- Artist: Meriem Bennani; Orian Barki;
- Year: 2024
- Medium: Mechanical installation (Sole Crushing); Computer-animated feature (For Aicha);
- Location: Fondazione Prada; Milan;

= For My Best Family =

2024 art exhibition

For My Best Family was a 2024 art exhibition by Meriem Bennani and Orian Barki, funded by the Milan host facility Fondazione Prada. Developed over a two-year period, it featured two components on different levels of the Prada, a mechanical installation named Sole Crushing and a computer-animated film entitled For Aicha. The latter revisited the universe of Bennani and Barki's 2020 web series 2 Lizards, and was the first animated feature produced in Morocco.

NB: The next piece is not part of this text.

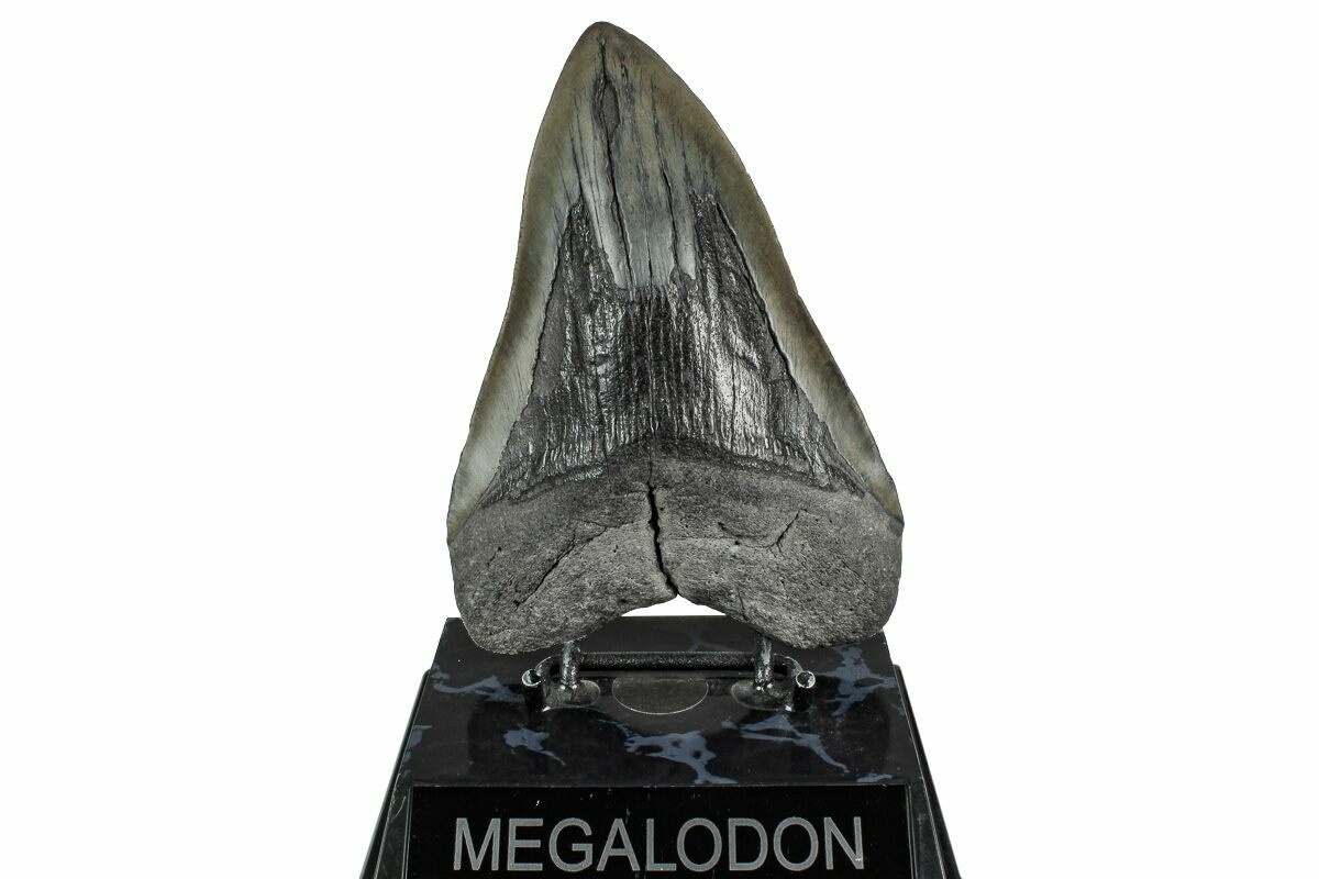 This is a large, 5.17" fossil Megalodon tooth collected in South Carolina, representing a prehistoric mega-shark that would have exceeded 40 feet in length.

The exhibition ran at the Prada premises between 31 October 2024 and 24 February 2025, and was well-received by Italian outlets. Both portions of Family resurfaced as separate attractions in late 2025: an extended version of Aicha which received festival release as the retitled Bouchra, and a standalone edition of Sole Crushing that debuted in Paris.

== Overview ==
For My Best Family was held across two levels of Milan's Fondazione Prada during its run. The ground floor was occupied by a mechanical installation named Sole Crushing, while the upstairs Cinema Godard section on the first floor showed a computer-animated film entitled For Aicha.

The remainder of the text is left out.